The mcp-agent Swarm pattern works seamlessly with MCP servers, and is exposed as an AugmentedLLM
, allowing for composability with other patterns above.
triage_agent = SwarmAgent(...)
flight_mod_agent = SwarmAgent(...)
lost_baggage_agent = SwarmAgent(...)
# The triage agent decides whether to route to flight_mod_agent or lost_baggage_agent
swarm = AnthropicSwarm(agent=triage_agent, context_variables={...})
test_input = "My bag was not delivered!"
result = await swarm.generate_str(test_input)
print("Result:", result)
Signaling: The framework can pause/resume tasks (like in advanced Durable Execution modes). The agent or LLM might “signal” that it needs user input, so the workflow awaits. A developer may signal during a workflow to seek approval or review before continuing with a workflow.
Human Input: If an Agent has a human_input_callback
, the LLM can call a __human_input__
tool to request user input mid-workflow.
The Swarm example shows this in action.
from mcp_agent.human_input.handler import console_input_callback
lost_baggage = SwarmAgent(
name="Lost baggage traversal",
instruction=lambda context_variables: f"""
{
FLY_AIR_AGENT_PROMPT.format(
customer_context=context_variables.get("customer_context", "None"),
flight_context=context_variables.get("flight_context", "None"),
)
}\n Lost baggage policy: policies/lost_baggage_policy.md""",
functions=[
escalate_to_agent,
initiate_baggage_search,
transfer_to_triage,
case_resolved,
],
server_names=["fetch", "filesystem"],
human_input_callback=console_input_callback, # Request input from the console
)
You can configure global handlers on the application Context
.
human_input_handler
: Expose a handler for human input to AugmentedLLMs/Agents.signal_notification
: Notification callback when a workflow is about to be blocked on a signal
By default, we use asyncio as the Executor. For advanced workflows, you can switch to Temporal (see src/mcp_agent/executor/temporal.py):
- Decorate tasks with @workflow_task
- Define a @workflow_run method for your workflow
- Let the system handle pause, resume, signals, concurrency, etc.
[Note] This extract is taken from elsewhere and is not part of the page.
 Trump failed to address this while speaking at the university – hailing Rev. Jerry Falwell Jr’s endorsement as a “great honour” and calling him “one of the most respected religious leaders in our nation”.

The key thing is separation of concerns. Your application code doesn't change, you simply pass a different Executor to change how the workflow is orchestrated.
There is support for distributed tracing, as well as basic logging via a logger interface.
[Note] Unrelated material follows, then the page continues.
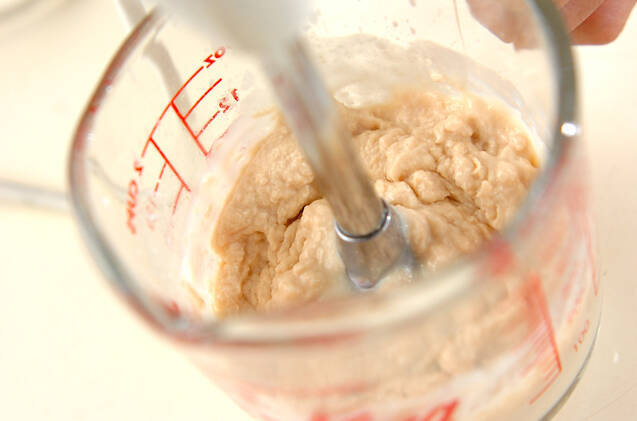 <酒粕鍋>を作る。耐熱ボウルに酒粕を小さくちぎって入れ、かぶる位まで鶏鍋のスープを加えてラップをかけ、電子レンジで3~4分加熱する。酒粕が柔らかくなったらハンドミキサー等でペースト状になるまでかくはんする。他の<酒粕鍋/合わせ調味料>の材料も加え、さらにかくはんする。

Logger settings can be configured in mcp_agent.config.yaml
.
Instead of using the standard Python logger, it is recommended to use the mcp-agent logger:
from mcp_agent.logging.logger import get_logger
logger = get_logger(__name__)
This automatically integrates with distributed tracing (see @traced
) as well as configuring custom transports (console, http, etc.).